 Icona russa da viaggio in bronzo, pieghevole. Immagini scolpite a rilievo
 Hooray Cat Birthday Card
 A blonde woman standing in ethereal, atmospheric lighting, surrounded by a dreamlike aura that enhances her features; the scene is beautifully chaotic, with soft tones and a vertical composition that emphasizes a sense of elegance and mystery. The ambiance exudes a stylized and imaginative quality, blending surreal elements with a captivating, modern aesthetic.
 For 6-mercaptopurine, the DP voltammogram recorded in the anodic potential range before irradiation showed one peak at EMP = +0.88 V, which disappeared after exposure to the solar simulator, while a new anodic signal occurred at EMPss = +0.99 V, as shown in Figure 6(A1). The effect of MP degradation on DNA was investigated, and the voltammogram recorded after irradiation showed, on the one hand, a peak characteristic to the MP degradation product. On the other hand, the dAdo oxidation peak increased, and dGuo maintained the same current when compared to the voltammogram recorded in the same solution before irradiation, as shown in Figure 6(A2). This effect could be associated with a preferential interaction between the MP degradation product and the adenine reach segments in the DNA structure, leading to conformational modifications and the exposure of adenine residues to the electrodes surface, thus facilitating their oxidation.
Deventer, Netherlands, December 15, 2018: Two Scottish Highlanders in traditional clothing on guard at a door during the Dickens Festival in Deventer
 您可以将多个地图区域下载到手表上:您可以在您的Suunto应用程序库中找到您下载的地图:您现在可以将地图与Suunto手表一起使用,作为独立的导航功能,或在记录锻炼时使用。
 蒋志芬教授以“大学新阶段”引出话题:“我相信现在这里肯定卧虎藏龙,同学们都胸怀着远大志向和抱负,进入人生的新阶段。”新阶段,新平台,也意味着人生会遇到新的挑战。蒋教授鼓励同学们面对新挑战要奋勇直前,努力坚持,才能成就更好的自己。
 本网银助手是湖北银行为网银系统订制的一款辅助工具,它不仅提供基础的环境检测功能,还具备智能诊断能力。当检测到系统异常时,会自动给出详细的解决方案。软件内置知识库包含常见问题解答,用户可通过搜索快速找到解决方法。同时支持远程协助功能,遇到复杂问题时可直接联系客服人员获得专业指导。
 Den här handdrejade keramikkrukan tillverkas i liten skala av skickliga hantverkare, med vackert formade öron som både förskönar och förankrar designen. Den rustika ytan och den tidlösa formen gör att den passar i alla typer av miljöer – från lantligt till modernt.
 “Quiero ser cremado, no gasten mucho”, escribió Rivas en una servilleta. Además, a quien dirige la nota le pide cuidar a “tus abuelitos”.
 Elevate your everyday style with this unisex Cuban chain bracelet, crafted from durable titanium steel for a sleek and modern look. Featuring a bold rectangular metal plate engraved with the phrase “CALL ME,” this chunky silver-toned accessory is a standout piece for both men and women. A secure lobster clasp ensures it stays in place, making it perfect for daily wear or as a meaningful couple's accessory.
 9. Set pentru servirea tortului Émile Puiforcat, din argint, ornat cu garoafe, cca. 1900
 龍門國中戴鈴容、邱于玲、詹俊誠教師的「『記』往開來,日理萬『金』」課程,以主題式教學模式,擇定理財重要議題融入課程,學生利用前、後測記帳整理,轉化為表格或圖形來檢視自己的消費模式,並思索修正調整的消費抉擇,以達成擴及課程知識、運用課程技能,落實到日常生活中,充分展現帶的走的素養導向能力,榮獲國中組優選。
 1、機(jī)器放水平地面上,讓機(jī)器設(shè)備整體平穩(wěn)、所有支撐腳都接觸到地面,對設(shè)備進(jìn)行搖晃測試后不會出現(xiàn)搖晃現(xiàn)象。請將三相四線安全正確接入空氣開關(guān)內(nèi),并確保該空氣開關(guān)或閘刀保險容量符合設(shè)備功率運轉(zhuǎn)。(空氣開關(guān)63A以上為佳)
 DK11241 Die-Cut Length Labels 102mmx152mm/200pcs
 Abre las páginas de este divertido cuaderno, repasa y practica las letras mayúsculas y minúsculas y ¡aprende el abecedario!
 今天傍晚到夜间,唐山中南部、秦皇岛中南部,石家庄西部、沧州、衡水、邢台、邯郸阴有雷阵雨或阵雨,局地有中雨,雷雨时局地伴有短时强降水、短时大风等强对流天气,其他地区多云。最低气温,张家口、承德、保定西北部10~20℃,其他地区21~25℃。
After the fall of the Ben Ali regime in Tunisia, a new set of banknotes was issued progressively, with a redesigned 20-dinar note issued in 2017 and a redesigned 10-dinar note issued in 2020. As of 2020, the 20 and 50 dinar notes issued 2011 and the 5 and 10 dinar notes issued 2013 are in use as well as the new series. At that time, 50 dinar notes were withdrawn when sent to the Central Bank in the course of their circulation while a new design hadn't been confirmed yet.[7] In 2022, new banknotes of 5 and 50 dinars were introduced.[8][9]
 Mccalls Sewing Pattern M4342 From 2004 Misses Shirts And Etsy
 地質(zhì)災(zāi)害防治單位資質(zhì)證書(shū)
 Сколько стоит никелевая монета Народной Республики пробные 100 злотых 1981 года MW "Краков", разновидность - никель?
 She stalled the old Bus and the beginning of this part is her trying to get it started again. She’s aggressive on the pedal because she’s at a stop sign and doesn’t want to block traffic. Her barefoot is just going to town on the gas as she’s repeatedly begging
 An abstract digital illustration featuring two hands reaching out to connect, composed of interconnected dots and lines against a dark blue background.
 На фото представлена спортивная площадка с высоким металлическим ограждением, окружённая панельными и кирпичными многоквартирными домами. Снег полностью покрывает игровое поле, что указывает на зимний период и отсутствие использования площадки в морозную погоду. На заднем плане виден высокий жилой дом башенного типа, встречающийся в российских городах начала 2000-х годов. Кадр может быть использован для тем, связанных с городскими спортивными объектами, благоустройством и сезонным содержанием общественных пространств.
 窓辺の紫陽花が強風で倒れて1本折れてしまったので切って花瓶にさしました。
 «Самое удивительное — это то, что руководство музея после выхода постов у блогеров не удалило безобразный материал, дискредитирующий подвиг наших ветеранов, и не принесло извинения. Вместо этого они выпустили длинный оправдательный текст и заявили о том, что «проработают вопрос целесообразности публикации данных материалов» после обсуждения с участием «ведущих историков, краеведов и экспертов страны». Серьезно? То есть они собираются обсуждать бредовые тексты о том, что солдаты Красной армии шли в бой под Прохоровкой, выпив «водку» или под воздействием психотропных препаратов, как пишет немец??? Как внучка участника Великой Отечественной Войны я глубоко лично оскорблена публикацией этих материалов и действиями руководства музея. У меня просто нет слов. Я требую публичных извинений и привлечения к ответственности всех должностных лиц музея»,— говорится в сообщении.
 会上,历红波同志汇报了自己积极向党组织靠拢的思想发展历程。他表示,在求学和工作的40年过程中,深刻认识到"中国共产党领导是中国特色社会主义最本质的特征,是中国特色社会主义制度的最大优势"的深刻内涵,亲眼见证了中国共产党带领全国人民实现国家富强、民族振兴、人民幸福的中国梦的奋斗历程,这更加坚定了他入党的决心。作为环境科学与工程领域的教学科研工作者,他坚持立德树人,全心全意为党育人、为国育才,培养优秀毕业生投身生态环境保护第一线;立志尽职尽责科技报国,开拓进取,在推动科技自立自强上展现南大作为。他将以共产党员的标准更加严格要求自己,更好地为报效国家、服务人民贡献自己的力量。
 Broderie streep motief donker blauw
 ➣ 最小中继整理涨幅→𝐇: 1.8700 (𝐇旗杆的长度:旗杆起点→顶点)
▬▬▬▬▬▬▬▬▬▬
▶ [DESCRIPTION OF THE TASK]: For this exercise, copy all of the material exactly as it stands.

▶ [SOLUTION FOR THIS EXERCISE]:
 Icona russa da viaggio in bronzo, pieghevole. Immagini scolpite a rilievo
 Hooray Cat Birthday Card
 A blonde woman standing in ethereal, atmospheric lighting, surrounded by a dreamlike aura that enhances her features; the scene is beautifully chaotic, with soft tones and a vertical composition that emphasizes a sense of elegance and mystery. The ambiance exudes a stylized and imaginative quality, blending surreal elements with a captivating, modern aesthetic.
 For 6-mercaptopurine, the DP voltammogram recorded in the anodic potential range before irradiation showed one peak at EMP = +0.88 V, which disappeared after exposure to the solar simulator, while a new anodic signal occurred at EMPss = +0.99 V, as shown in Figure 6(A1). The effect of MP degradation on DNA was investigated, and the voltammogram recorded after irradiation showed, on the one hand, a peak characteristic to the MP degradation product. On the other hand, the dAdo oxidation peak increased, and dGuo maintained the same current when compared to the voltammogram recorded in the same solution before irradiation, as shown in Figure 6(A2). This effect could be associated with a preferential interaction between the MP degradation product and the adenine reach segments in the DNA structure, leading to conformational modifications and the exposure of adenine residues to the electrodes surface, thus facilitating their oxidation.
Deventer, Netherlands, December 15, 2018: Two Scottish Highlanders in traditional clothing on guard at a door during the Dickens Festival in Deventer
 您可以将多个地图区域下载到手表上:您可以在您的Suunto应用程序库中找到您下载的地图:您现在可以将地图与Suunto手表一起使用,作为独立的导航功能,或在记录锻炼时使用。
 蒋志芬教授以“大学新阶段”引出话题:“我相信现在这里肯定卧虎藏龙,同学们都胸怀着远大志向和抱负,进入人生的新阶段。”新阶段,新平台,也意味着人生会遇到新的挑战。蒋教授鼓励同学们面对新挑战要奋勇直前,努力坚持,才能成就更好的自己。
 本网银助手是湖北银行为网银系统订制的一款辅助工具,它不仅提供基础的环境检测功能,还具备智能诊断能力。当检测到系统异常时,会自动给出详细的解决方案。软件内置知识库包含常见问题解答,用户可通过搜索快速找到解决方法。同时支持远程协助功能,遇到复杂问题时可直接联系客服人员获得专业指导。
 Den här handdrejade keramikkrukan tillverkas i liten skala av skickliga hantverkare, med vackert formade öron som både förskönar och förankrar designen. Den rustika ytan och den tidlösa formen gör att den passar i alla typer av miljöer – från lantligt till modernt.
 “Quiero ser cremado, no gasten mucho”, escribió Rivas en una servilleta. Además, a quien dirige la nota le pide cuidar a “tus abuelitos”.
 Elevate your everyday style with this unisex Cuban chain bracelet, crafted from durable titanium steel for a sleek and modern look. Featuring a bold rectangular metal plate engraved with the phrase “CALL ME,” this chunky silver-toned accessory is a standout piece for both men and women. A secure lobster clasp ensures it stays in place, making it perfect for daily wear or as a meaningful couple's accessory.
 9. Set pentru servirea tortului Émile Puiforcat, din argint, ornat cu garoafe, cca. 1900
 龍門國中戴鈴容、邱于玲、詹俊誠教師的「『記』往開來,日理萬『金』」課程,以主題式教學模式,擇定理財重要議題融入課程,學生利用前、後測記帳整理,轉化為表格或圖形來檢視自己的消費模式,並思索修正調整的消費抉擇,以達成擴及課程知識、運用課程技能,落實到日常生活中,充分展現帶的走的素養導向能力,榮獲國中組優選。
 1、機(jī)器放水平地面上,讓機(jī)器設(shè)備整體平穩(wěn)、所有支撐腳都接觸到地面,對設(shè)備進(jìn)行搖晃測試后不會出現(xiàn)搖晃現(xiàn)象。請將三相四線安全正確接入空氣開關(guān)內(nèi),并確保該空氣開關(guān)或閘刀保險容量符合設(shè)備功率運轉(zhuǎn)。(空氣開關(guān)63A以上為佳)
 DK11241 Die-Cut Length Labels 102mmx152mm/200pcs
 Abre las páginas de este divertido cuaderno, repasa y practica las letras mayúsculas y minúsculas y ¡aprende el abecedario!
 今天傍晚到夜间,唐山中南部、秦皇岛中南部,石家庄西部、沧州、衡水、邢台、邯郸阴有雷阵雨或阵雨,局地有中雨,雷雨时局地伴有短时强降水、短时大风等强对流天气,其他地区多云。最低气温,张家口、承德、保定西北部10~20℃,其他地区21~25℃。
After the fall of the Ben Ali regime in Tunisia, a new set of banknotes was issued progressively, with a redesigned 20-dinar note issued in 2017 and a redesigned 10-dinar note issued in 2020. As of 2020, the 20 and 50 dinar notes issued 2011 and the 5 and 10 dinar notes issued 2013 are in use as well as the new series. At that time, 50 dinar notes were withdrawn when sent to the Central Bank in the course of their circulation while a new design hadn't been confirmed yet.[7] In 2022, new banknotes of 5 and 50 dinars were introduced.[8][9]
 Mccalls Sewing Pattern M4342 From 2004 Misses Shirts And Etsy
 地質(zhì)災(zāi)害防治單位資質(zhì)證書(shū)
 Сколько стоит никелевая монета Народной Республики пробные 100 злотых 1981 года MW "Краков", разновидность - никель?
 She stalled the old Bus and the beginning of this part is her trying to get it started again. She’s aggressive on the pedal because she’s at a stop sign and doesn’t want to block traffic. Her barefoot is just going to town on the gas as she’s repeatedly begging
 An abstract digital illustration featuring two hands reaching out to connect, composed of interconnected dots and lines against a dark blue background.
 На фото представлена спортивная площадка с высоким металлическим ограждением, окружённая панельными и кирпичными многоквартирными домами. Снег полностью покрывает игровое поле, что указывает на зимний период и отсутствие использования площадки в морозную погоду. На заднем плане виден высокий жилой дом башенного типа, встречающийся в российских городах начала 2000-х годов. Кадр может быть использован для тем, связанных с городскими спортивными объектами, благоустройством и сезонным содержанием общественных пространств.
 窓辺の紫陽花が強風で倒れて1本折れてしまったので切って花瓶にさしました。
 «Самое удивительное — это то, что руководство музея после выхода постов у блогеров не удалило безобразный материал, дискредитирующий подвиг наших ветеранов, и не принесло извинения. Вместо этого они выпустили длинный оправдательный текст и заявили о том, что «проработают вопрос целесообразности публикации данных материалов» после обсуждения с участием «ведущих историков, краеведов и экспертов страны». Серьезно? То есть они собираются обсуждать бредовые тексты о том, что солдаты Красной армии шли в бой под Прохоровкой, выпив «водку» или под воздействием психотропных препаратов, как пишет немец??? Как внучка участника Великой Отечественной Войны я глубоко лично оскорблена публикацией этих материалов и действиями руководства музея. У меня просто нет слов. Я требую публичных извинений и привлечения к ответственности всех должностных лиц музея»,— говорится в сообщении.
 会上,历红波同志汇报了自己积极向党组织靠拢的思想发展历程。他表示,在求学和工作的40年过程中,深刻认识到"中国共产党领导是中国特色社会主义最本质的特征,是中国特色社会主义制度的最大优势"的深刻内涵,亲眼见证了中国共产党带领全国人民实现国家富强、民族振兴、人民幸福的中国梦的奋斗历程,这更加坚定了他入党的决心。作为环境科学与工程领域的教学科研工作者,他坚持立德树人,全心全意为党育人、为国育才,培养优秀毕业生投身生态环境保护第一线;立志尽职尽责科技报国,开拓进取,在推动科技自立自强上展现南大作为。他将以共产党员的标准更加严格要求自己,更好地为报效国家、服务人民贡献自己的力量。
 Broderie streep motief donker blauw
 ➣ 最小中继整理涨幅→𝐇: 1.8700 (𝐇旗杆的长度:旗杆起点→顶点)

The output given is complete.